Sunday, February 26, 2017

And the Oscar Snark Goes To...

Miscellaneous things said by friends (or me) at our Oscar viewing party:

Did Justin Timberlake just sing "I've got this feeling in my balls?!"

Michael Shannon is not having this dancing stuff.

Cut to Seth Rogen on the "bowel movement" joke.

So, now it's the Academy Award winning Suicide Squad. Huh.

They had to show all 8+ hours of O.J.: Made in America for a week to qualify it for the Oscars. I watched it and liked it, but I can't imagine sitting through it all that way.

Props to Auli'i Cravalho (from Moana) for taking a thwap in the back of the head from a flag waver and still going.

The president of the Academy looks like a glitter truck drove over her and left the tread marks on her dress.

And speaking of the glitter truck, you have to dress that sparkly for anyone to pay attention to you when you're standing next to Chris Evans.

Mom's looking down on you? If you had that hipster soul patch, your Mom looked down on you while she was here.

Viola Davis has raised the bar. You want to win an Oscar, you're going to have to snot your way to it.

We're willing to go watch movies with Charlize Theron so she doesn't have to sit in an empty theater watching them alone.

Hailee Steinfeld's dress kind of looks like tin foil breast pieces over saran wrap.

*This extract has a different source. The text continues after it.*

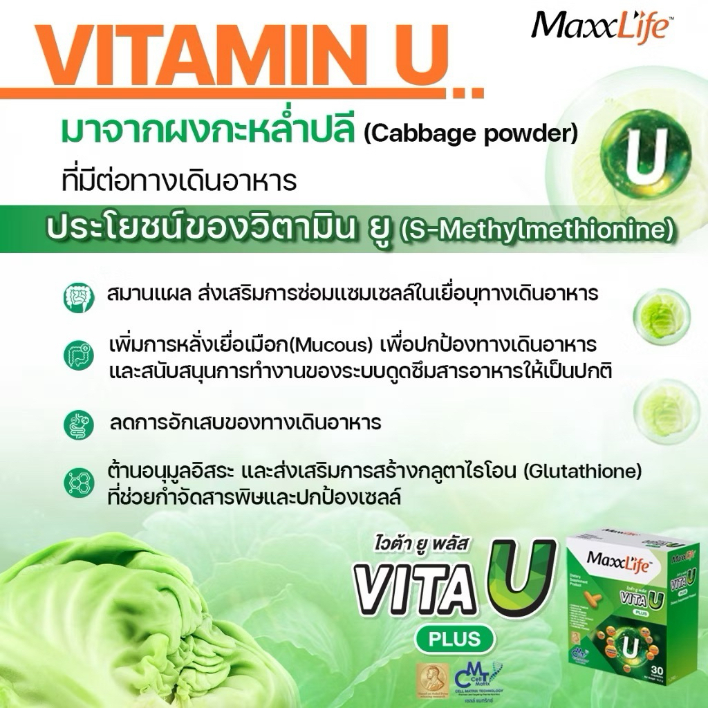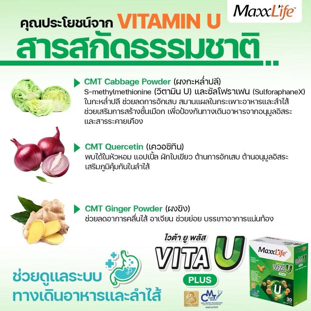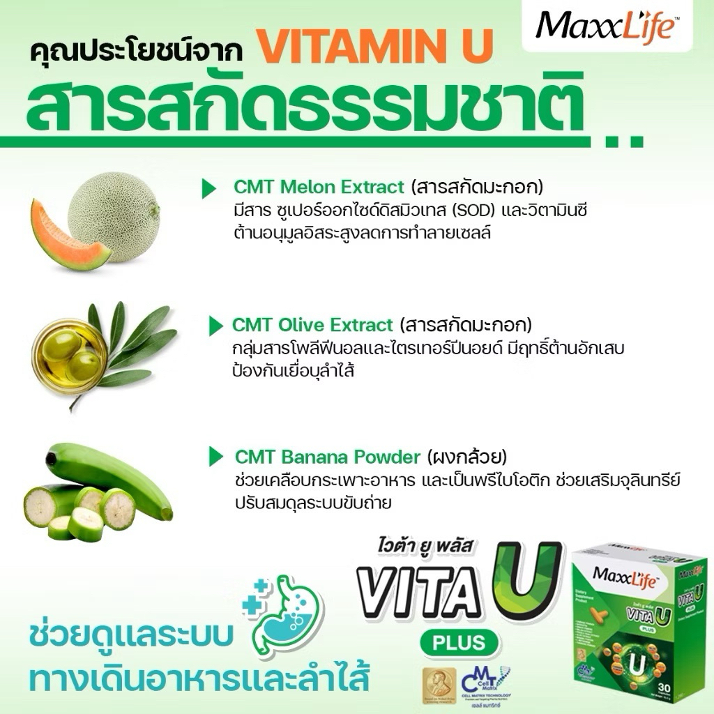 (ส่งด่วน ส่งฟรี) New✅Maxxlife Vita U Plus วิตามินเพื่อกระเพาะและ ลำไส้ (30 แคปซูล)

Jamie Dornan is trying a mountain man beard to avoid looking like a waiter in a white tux.

You don't have to share your Oscar with your wife; you each got one. (How about sharing the microphone with her?)

Garry from Chicago is trying to put the moves on Nicole Kidman right in front of her husband and his fiancée.

Maybe Charlize Theron and Seth Rogen should keep each other company at the movies.

The winner for Film Editing has teeth meant to be in hidden in a dark room all day.

Silence was up for Best Cinematography. I hear it wasn't very good, but apparently you could really see how terrible it was.

Justin Hurwitz's hair seems to be hiding the car radio antenna.

The Memoriam montage seemed much shorter than I would have thought after all the celebrity deaths in 2016.

The Matt Damon trolling is the gift that keeps on giving.

I tell you, these kids today with their clothes and their Oscars.

Ryan Gosling looks like he doesn't understood why they picked that clip of him for the Best Actor presentation.

What the hell did Warren Beatty just do?!

The Oscars end with an M. Night Shyamalan-esque twist!